== SUPPLIED MATERIAL ==

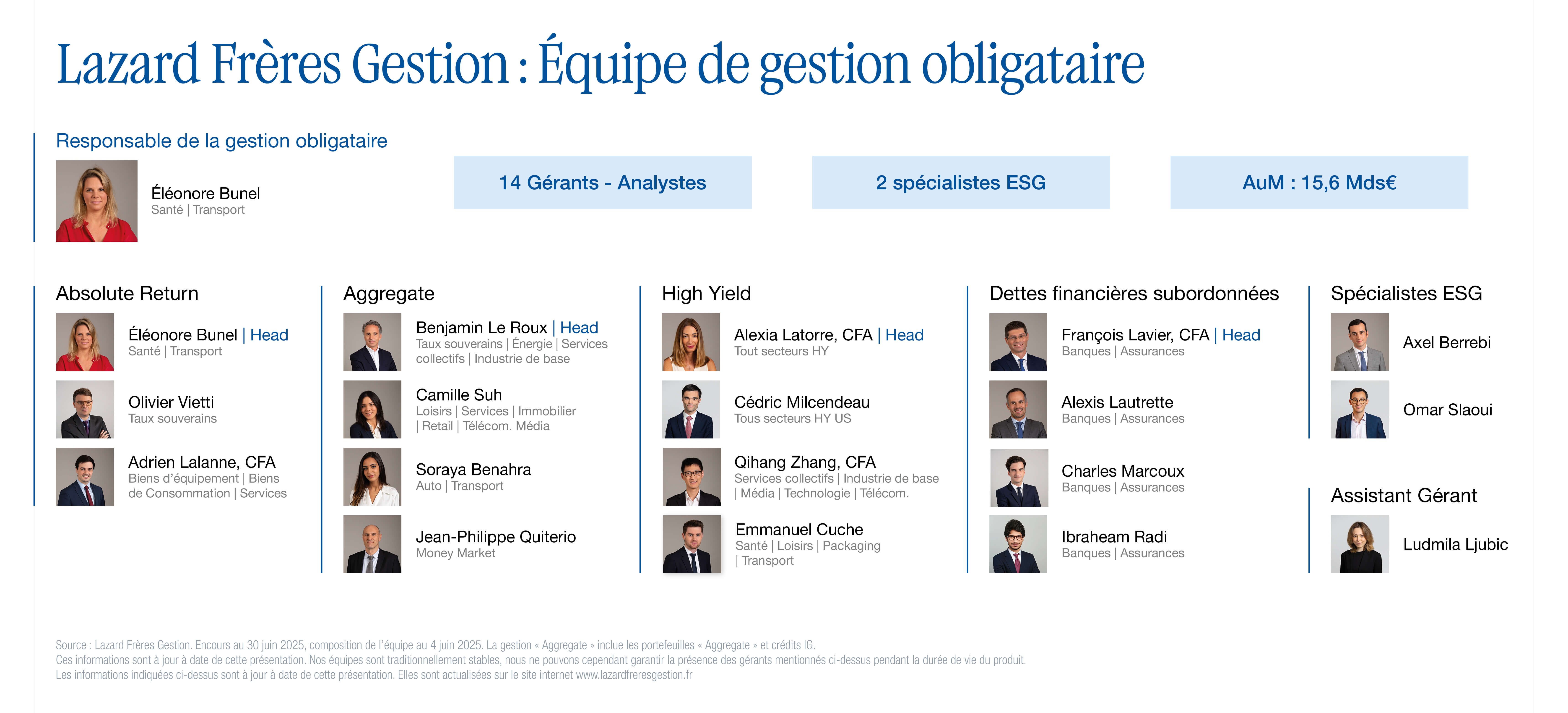 Des exemplaires du Prospectus complet, du Document d'information clé (DIC PRIIPS) pour les produits d'investissement aux particuliers et assurances (Reglementation PRIIPs) et des derniers Rapports et Comptes en français et, le cas échéant, dans d'autres langues, sont disponibles sur demande à l'adresse ci-dessous ou sur www.lazardfreresgestion.fr. Les investisseurs existants et potentiels sont priés de lire et de prendre note des mises en garde relatives aux risques figurant dans le prospectus et le DIC. Les décisions d'investissement doivent être basées sur l'examen de toutes les documentations du fonds, les décisions d'investissement finales ne doivent pas être prises sur la seule base de cette communication. Des informations supplémentaires sur la durabilité du fonds sont disponibles à l'adresse Internet ci-dessus. Lazard Frères Gestion se réserve le droit de retirer ce fonds de la commercialisation à tout moment et sans préavis.
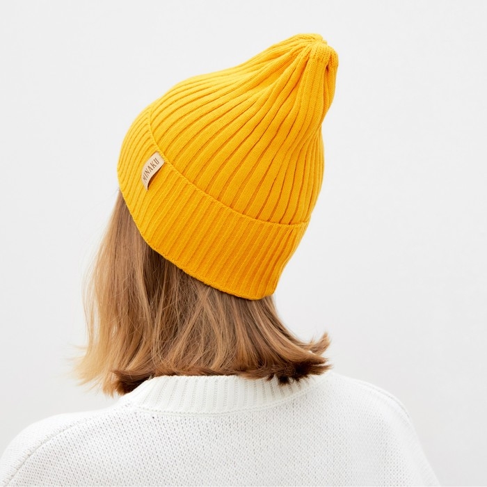 Шапка женская MINAKU "Трюфель" цвет горчица, размер 54-56
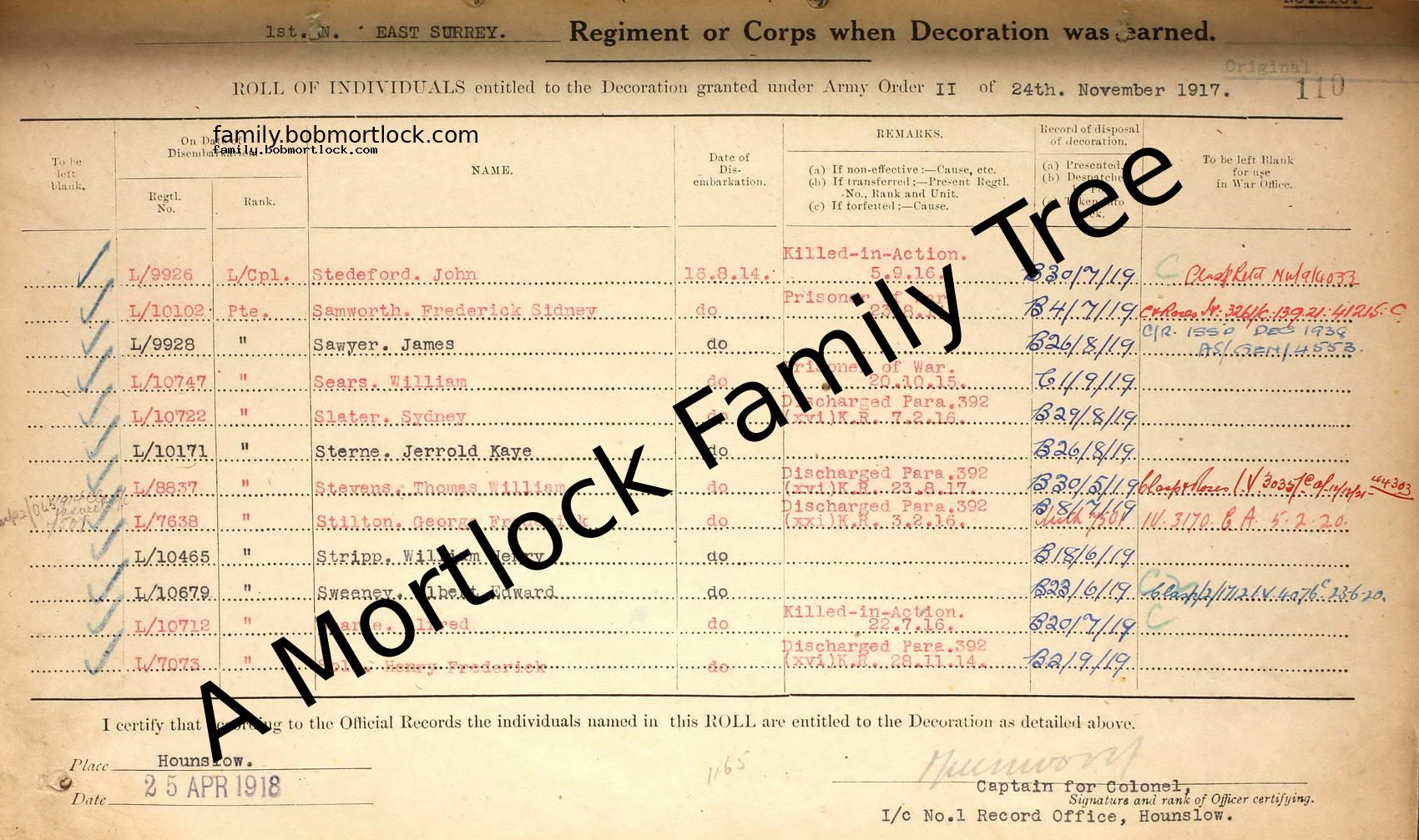| Military | Type: Medal and Award Rolls 25 April 1918 (Age 24)Agency: 1st Battalion, East Surrey Regiment |

===

# TASK BRIEF
Write the material out again exactly. Do not include the pictures.

# WRITTEN RESPONSE
 Des exemplaires du Prospectus complet, du Document d'information clé (DIC PRIIPS) pour les produits d'investissement aux particuliers et assurances (Reglementation PRIIPs) et des derniers Rapports et Comptes en français et, le cas échéant, dans d'autres langues, sont disponibles sur demande à l'adresse ci-dessous ou sur www.lazardfreresgestion.fr. Les investisseurs existants et potentiels sont priés de lire et de prendre note des mises en garde relatives aux risques figurant dans le prospectus et le DIC. Les décisions d'investissement doivent être basées sur l'examen de toutes les documentations du fonds, les décisions d'investissement finales ne doivent pas être prises sur la seule base de cette communication. Des informations supplémentaires sur la durabilité du fonds sont disponibles à l'adresse Internet ci-dessus. Lazard Frères Gestion se réserve le droit de retirer ce fonds de la commercialisation à tout moment et sans préavis.
 Шапка женская MINAKU "Трюфель" цвет горчица, размер 54-56
| Military | Type: Medal and Award Rolls 25 April 1918 (Age 24)Agency: 1st Battalion, East Surrey Regiment |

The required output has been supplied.